The accumulated damage, no matter how weak, hurt him. It persisted. It didn't heal. It didn't reset like I did.
"You filthy voices, do you see that?" I spat, my voice raw with rage and triumph. "Your lapdog is hurt."
Silence.
But I knew they were watching.
I could feel them. A presence just beyond the veil, silent and vast. Like eyes behind a two-way mirror.
The Seraph hovered. Still, as if processing. Its wings pulsed—once, sharply—as if in agitation.
Good.
I wanted it to feel something. Anything.
I raised my hand. Blood dripping from my fingertips. Bones splintered. Fingers bent wrong.
And I smiled.
"How many more times, angel?" I whispered. "How many more before you fall?"
The spear snapped up again. Clean. Precise. But slower.
Milliseconds. But they mattered now.
I didn't die this time.
Not immediately.
I weaved past the thrust, leapt off its knee, and drove my elbow into the exposed fracture of the helm.
It cracked further. A shimmer of light leaked out—bright, pulsing like a heartbeat.
The Seraph reacted.
Too late.
It smashed me into the ground a second later.
[YOU HAVE DIED]
Reviving...
I exhaled.
I was grinning when I came back.
...
I stopped having any ideas. I stopped having any thoughts.
All I knew was the fight.
The rhythm. The flow. The pain.
The deaths did not matter anymore. I didn't care how many times I died.
Counting them was not important.
Only the momentum. Only the cracks. Only the pressure.
I was going to kill this creature.
I was going to ravage it.
It knew that now.
I could taste the fear—faint, bitter, unfamiliar—bleeding through its sacred stillness as it slowly realized it was going to die.
The Seraph was no longer untouched. No longer divine. It bled now. Not blood. But something worse.
Light.
Corrupted, flickering, unstable light.
I had taken the infinite—and made it finite.
Every movement it made was cleaner than mine. Sharper. But I knew them. I had died to them. Adapted to them.
Its blade sang through the air again, but I wasn't there.
I had moved before it struck.
Instinct.
Not foresight.
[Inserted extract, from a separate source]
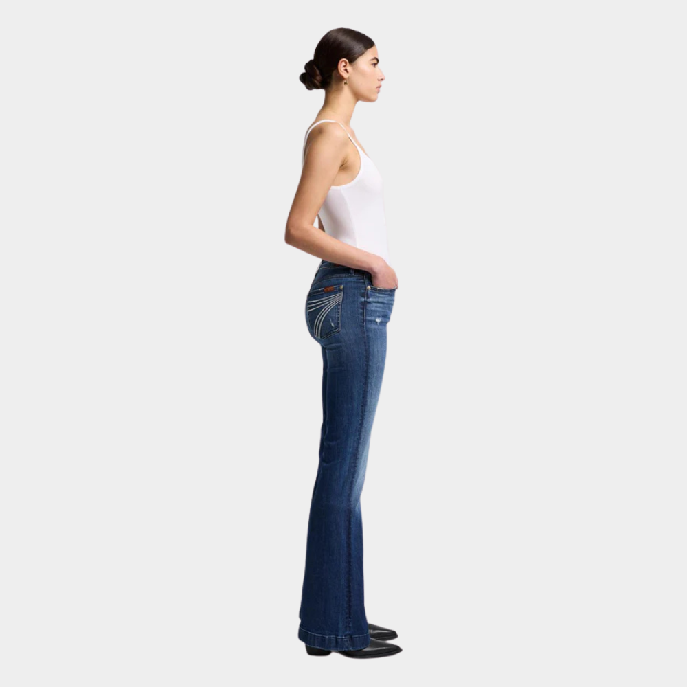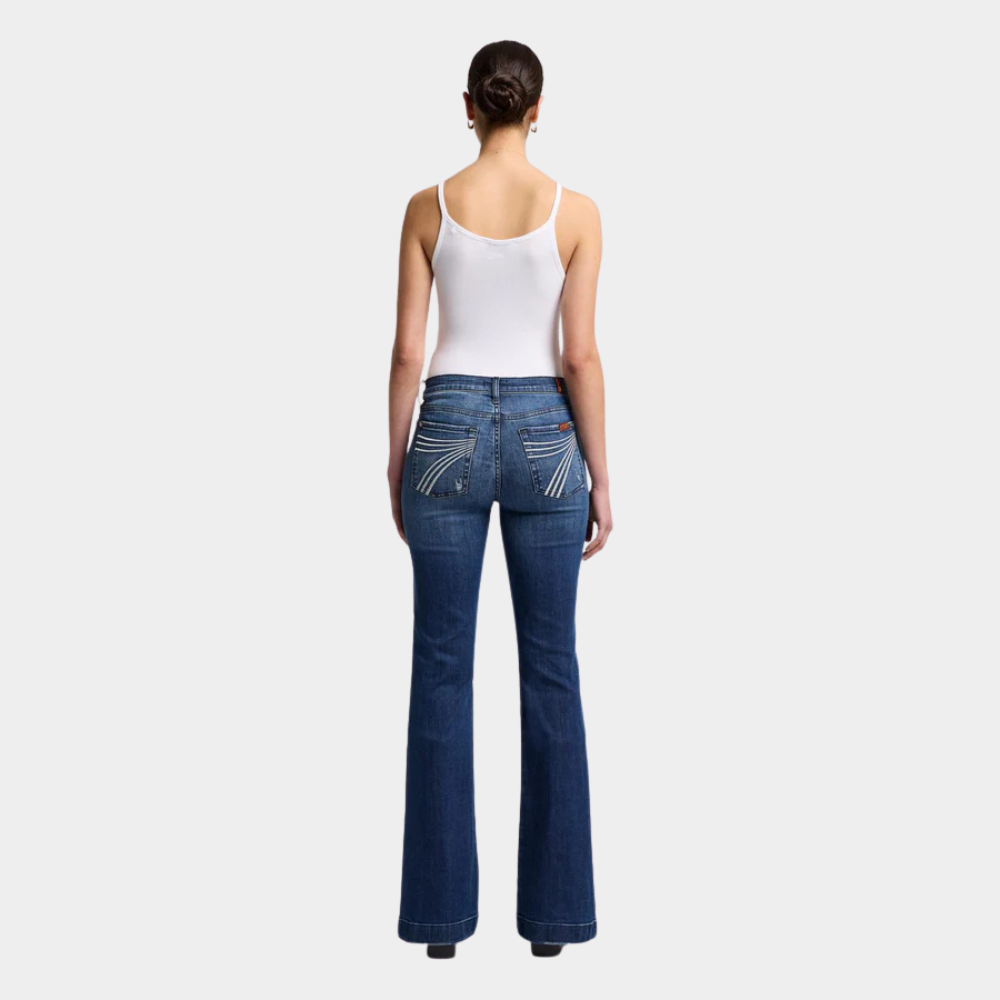 The 7 For All Mankind Lake Blue Dojo 34" Flare Jeans feature a high-rise waist and wide-leg silhouette for a flattering, elongated look. Finished in the bold Lake Blue wash with subtle fading and iconic “7” back pocket embroidery, they deliver modern cowgirl luxury with timeless denim style.

Not power.
Just pure, brutal adaptation.
I ducked low, slammed my shoulder into its hip joint, and heard something grind beneath the plates.
It retaliated with a crushing backhand—caved my skull in.
[YOU HAVE DIED]
Reviving...
I laughed when I came back.
Not a manic laugh. Not a scream. Just something deep. Cold. Steady.
Because I had seen it.
The way its balance shifted. The way its stance had changed.
The Seraph was compensating now.
It was losing control of the dance.
This time, it released a skill that shattered the terrain completely.
The entire hall—no, the entire dimension we were in—was shaking.
I died.
[YOU HAVE DIED]
Reviving...
When I came back, he fell to the knee.
He fell.
The Seraph—the unchanging, the unyielding, the divine blade of judgment—had dropped.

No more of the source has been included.